The resin composition layer (line pattern) after the above development was observed with a Scanning Electron Microscope (SEM), and the minimum line width was determined.

The evaluation was performed according to the following evaluation criteria, and the evaluation results are shown in table 2. The smaller the minimum line width, the more excellent the photolithography (resolution).

Evaluation criteria-

A: minimum line width less than 10 μm

B: the minimum line width is more than 10 μm and less than 20 μm

C: the minimum line width is 20 μm or more or a pattern having edge acuity cannot be obtained.

[ Table 2]

	Resistance to chemicals	Elongation at break	Litho-etch property
				Example 1	B	B	A
Example 2	B	A	A
				Example 3	A	B	B
Example 4	A	B	A
				Example 5	A	A	A
Example 6	A	B	A
				Example 7	B	A	A
Example 8	B	B	A
				Example 9	A	B	A
Example 10	B	B	A
				Example 11	A	B	A
Example 12	A	B	B
				Example 13	A	A	B
Example 14	A	A	B
				Example 15	A	A	A
Example 16	A	A	A
				Example 17	A	A	A
Example 18	A	A	A
				Example 19	A	A	A
Comparative example 1	D	C	C
				Comparative example 2	D	C	A
Comparative example 3	C	C	A
				Comparative example 4	D	D	A
Comparative example 5	C	D	C

From the above results, it is understood that a cured film obtained from the curable resin composition of the present invention containing the heterocyclic ring-containing polymer precursor and the specific polymerizable compound 1 and having a radical polymerizable group valence of 0.25 to 4.35mmol/g derived from a compound having a radical polymerizable group having a molecular weight of 2,000 or less or the curable resin composition containing the specific polymerizable compound 2 is excellent in chemical resistance and elongation at break.

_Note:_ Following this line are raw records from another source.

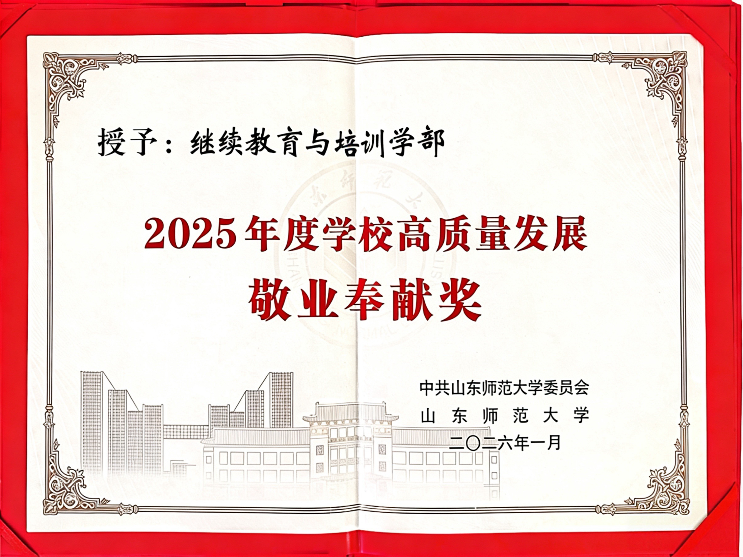 2月1日,山东师范大学召开2025年度高质量发展总结表彰大会,继续教育与培训学部荣获“2025年度学校高质量发展敬业奉献奖”。
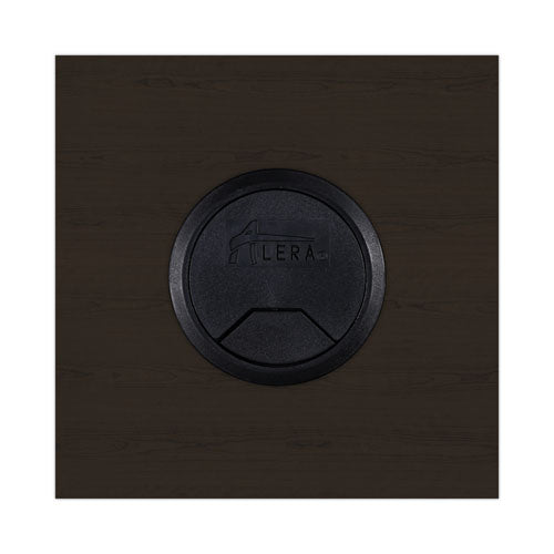 Durable, commercial grade laminate work surface and side panels are water, scratch, and stain resistant. The charcoal accent line under the work surface adds style and a distinctive touch. A protective edge banding helps to prevent damage from bumps. Two grommets for cable and wire management. Full-length modesty panel for added privacy.
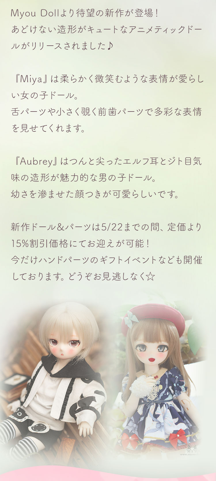 あどけない造形がキュートなアニメティックドールがリリースされました♪ 『Miya』は柔らかく微笑むような表情が愛らしい女の子ドール。舌パーツや小さく覗く前歯パーツで多彩な表情を見せてくれます。 『Aubrey』はつんと尖ったエルフ耳とジト目気味の造形が魅力的な男の子ドール。幼さを滲ませた顔つきが可愛らしいです。 新作ドール&パーツは5/22までの間、定価より15%割引価格にてお迎えが可能! 今だけハンドパーツのギフトイベントなども開催しております。どうぞお見逃しなく☆
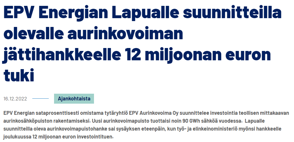 Suomessa aurinkosähkön PPA:n eli pitkäaikaisen (usein 10 v) sähkönostosopimuksen hinta on alle 40 €/MWh (PAP-PPA). Suomen aurinko-PPA markkina voi olla tilastossa kylläkin hyvin ohut, eli lukuun on suhtauduttava varauksella.
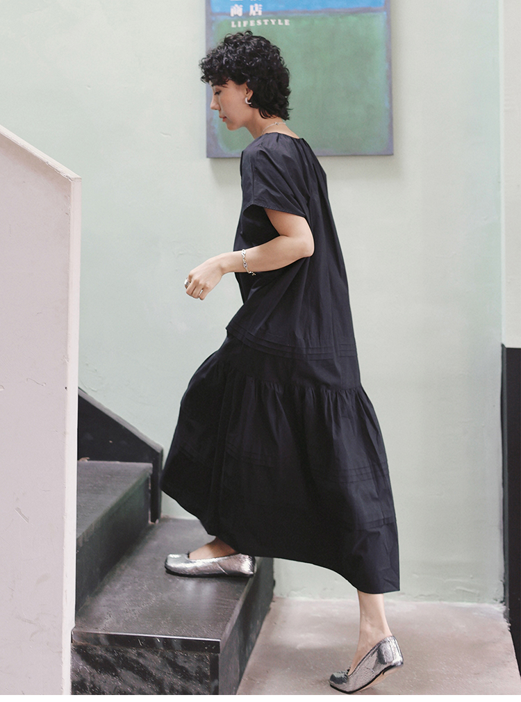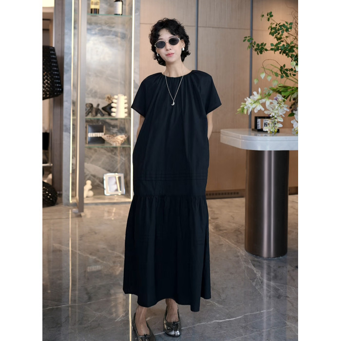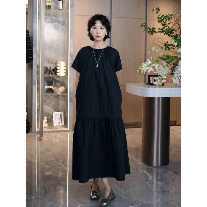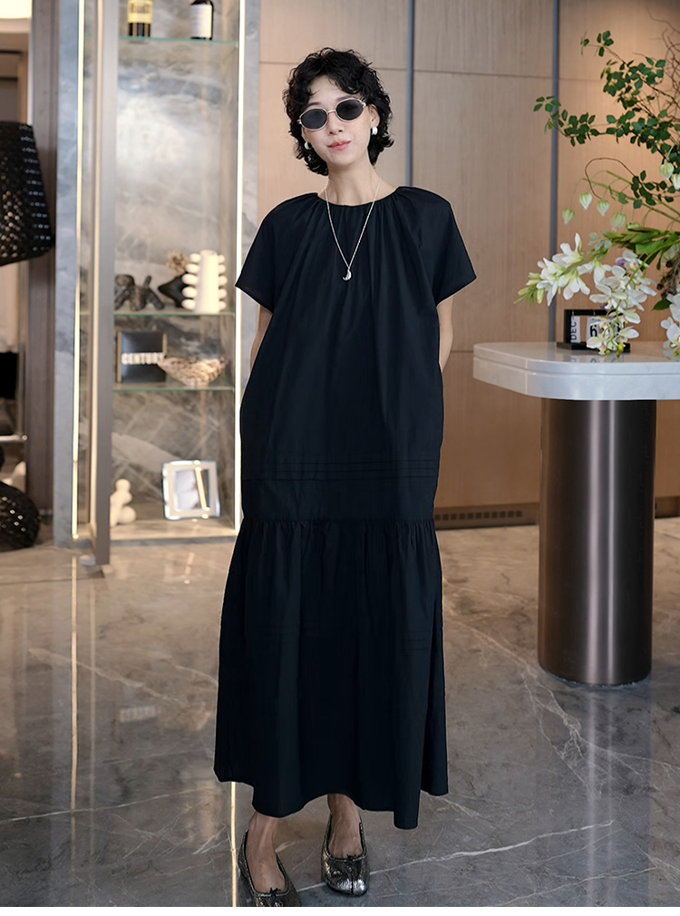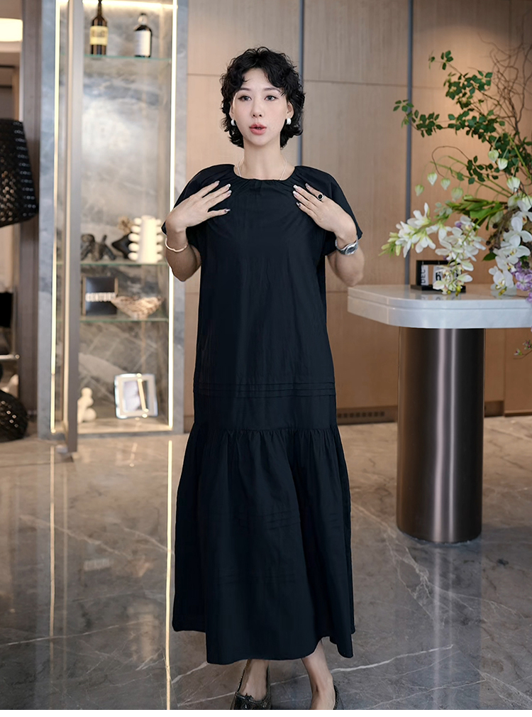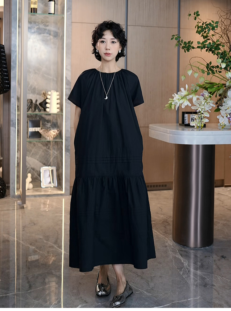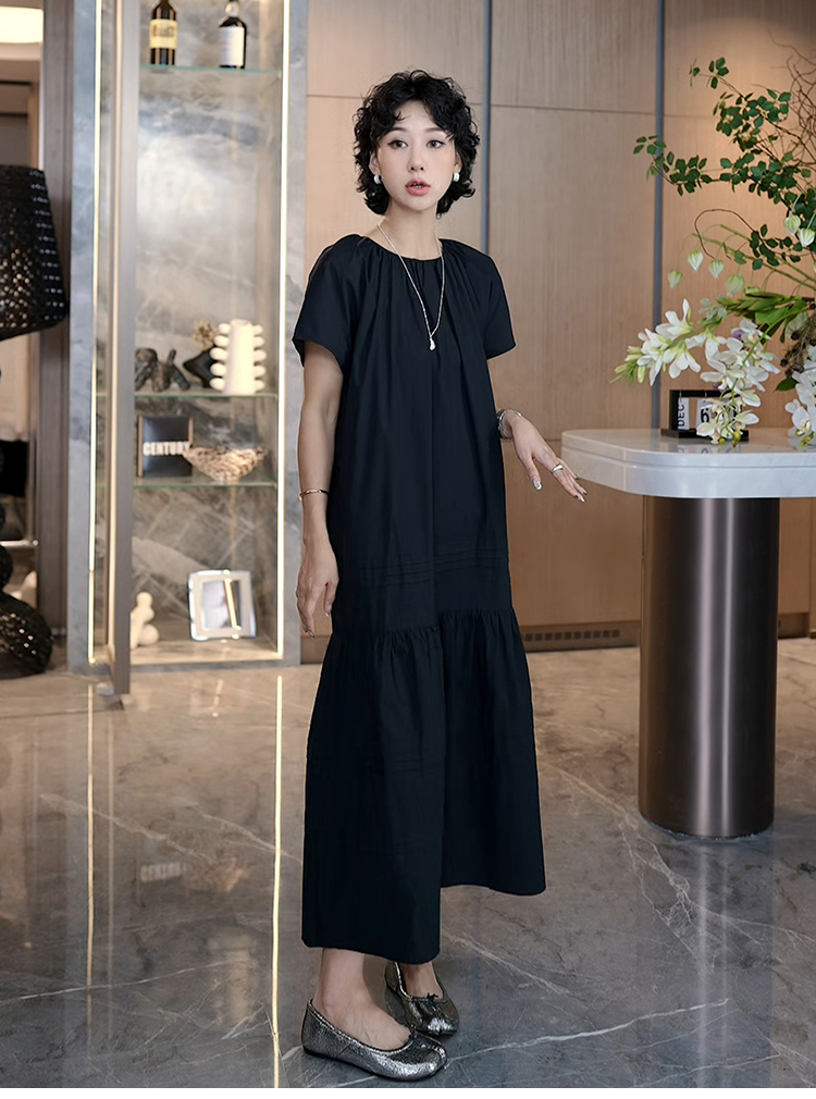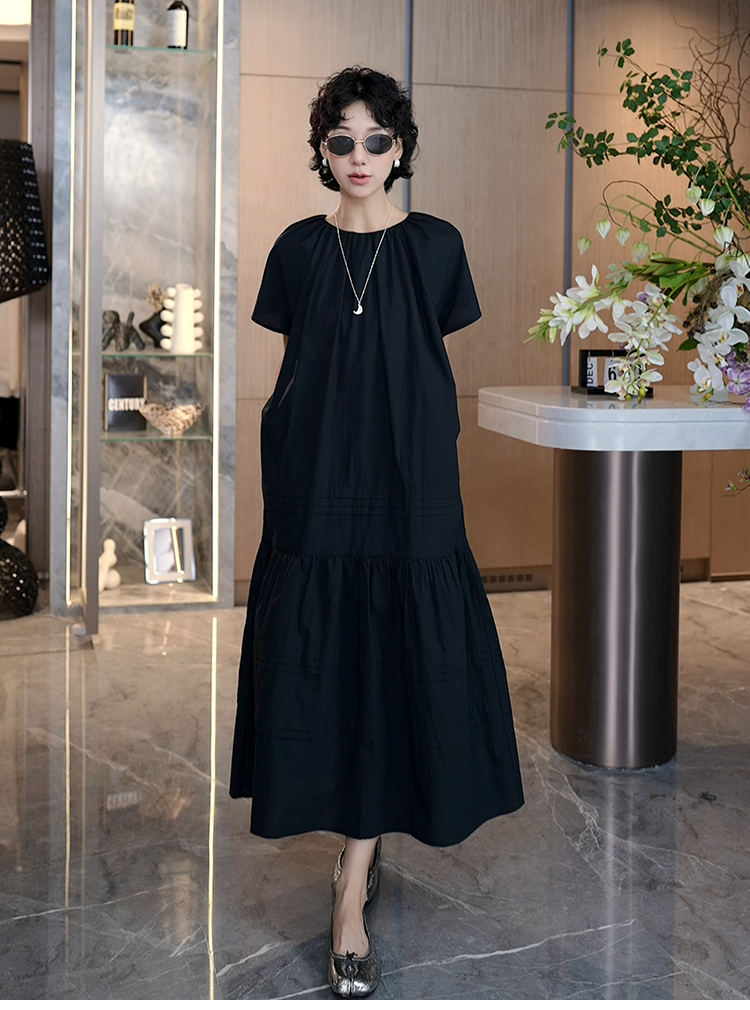 TT設計師【人魚灣】時尚高級感寬松黑色長款a字連衣裙女夏季新款
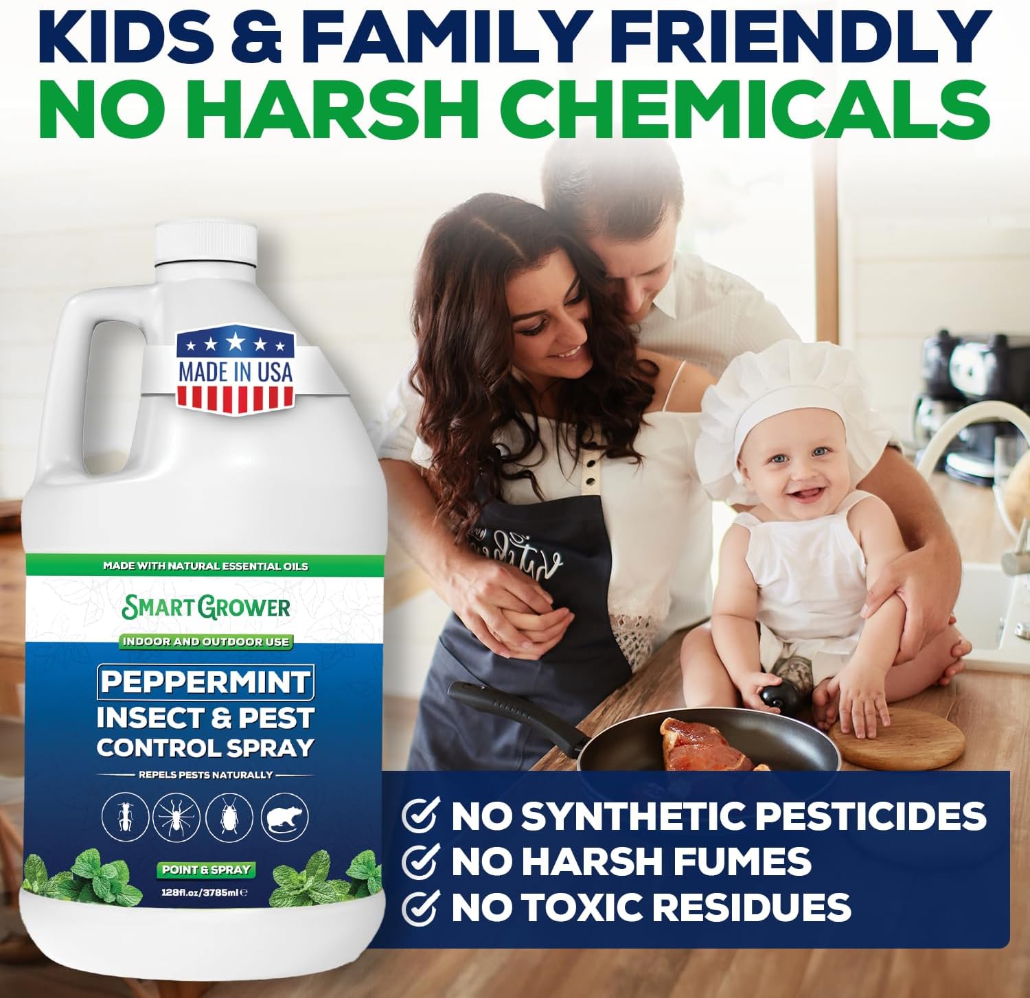 All Natural Peppermint Oil Insect & Pest Control Spray Repels Mice, Spiders, Ants, for Home, Indoor, Outdoor, Garden Maximum Strength Smart Grower Ready to Use 128 FL OZ
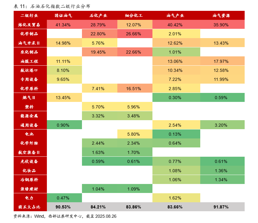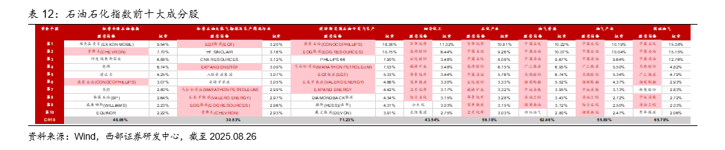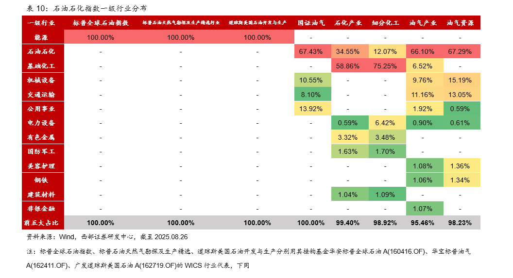 从行业分布来看,标普全球石油指数、标普石油天然气勘探及生产精选行业和道琼斯美国石油开发与生产集中于能源,能源占比均达100%;国证油气、油气产业和油气资源主要行业为石油石化,占比分别为67.43%、66.10%、67.29%,细分主要为炼化及贸易、油气开采和油服工程;石化产业和细分化工主要在基础化工和石油石化,其中石化产业在炼化及贸易上占比较高,细分化工在化学制品、农化制品和化学原料上占比较高。
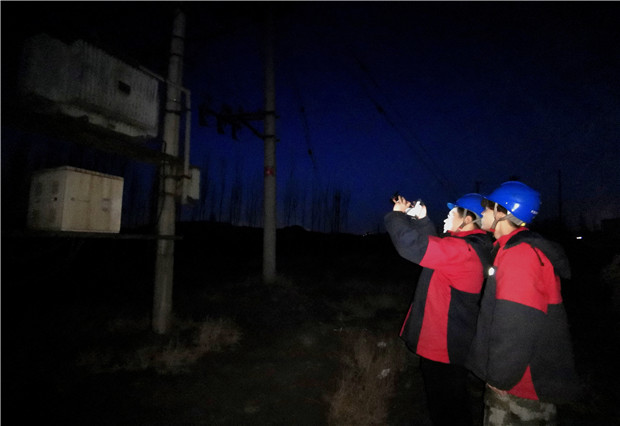 該公司為確保電網(wǎng)安全穩(wěn)定運行,認(rèn)真制定了線路特殊巡視計劃。此次巡視主要對區(qū)域內(nèi)重要線路進行防止外力破壞巡視、電氣連接部分有無發(fā)熱現(xiàn)象、大風(fēng)天氣過后線路有無搭掛異物、檢查桿塔基礎(chǔ)和電桿防撞標(biāo)識是否完好等。巡視人員不懼嚴(yán)寒,手持冰冷的儀器,全力以赴完成線路的巡視檢查工作。當(dāng)夜幕降臨,萬家燈火都亮了起來的時候,巡視人員又開始對線路、設(shè)備進行紅外線測溫工作。他們手持紅外線成像儀,重點對線路電氣連接點、真空開關(guān)、隔離開關(guān)、配電變壓器、電纜接頭等容易發(fā)生故障的位置進行了夜間巡視和紅外線測溫。

The curable resin compositions of comparative examples 1 to 4 do not contain any of the specific polymerizable compound 1 and the specific polymerizable compound 2. It is found that the cured films obtained from the curable resin compositions of comparative examples 1 to 4 have poor chemical resistance.

The curable resin composition of comparative example 5 contains the specific polymerizable compound 1, but the radical polymerizable group valence of the compound derived from a radical polymerizable group having a molecular weight of 2,000 or less exceeds 4.35 mol/g. It is found that the cured film obtained from the curable resin composition of comparative example 5 has a low elongation at break.

< example 101 >

The curable resin composition described in example 1 was applied in a layer form to the surface of a resin substrate having a copper thin layer formed thereon by spin coating, dried at 100 ℃ for 5 minutes to form a curable resin composition layer having a film thickness of 20 μm, and then exposed to light using a stepper (manufactured by Nikon Corporation, NSR1505 i 6). The exposure was carried out at a wavelength of 365nm via a mask (binary mask with pattern 1:1 line and space and line width of 10 μm). After exposure, development was performed with cyclopentanone for 30 seconds, and rinsing was performed with PGMEA for 20 seconds, whereby a pattern was obtained.

Subsequently, the substrate was heated at 230 ℃ for 3 hours to form an interlayer insulating film for a rewiring layer. The interlayer insulating film for a rewiring layer has excellent insulating properties.

Then, it was confirmed that the semiconductor device was normally operated as a result of manufacturing the semiconductor device using the interlayer insulating film for the rewiring layer.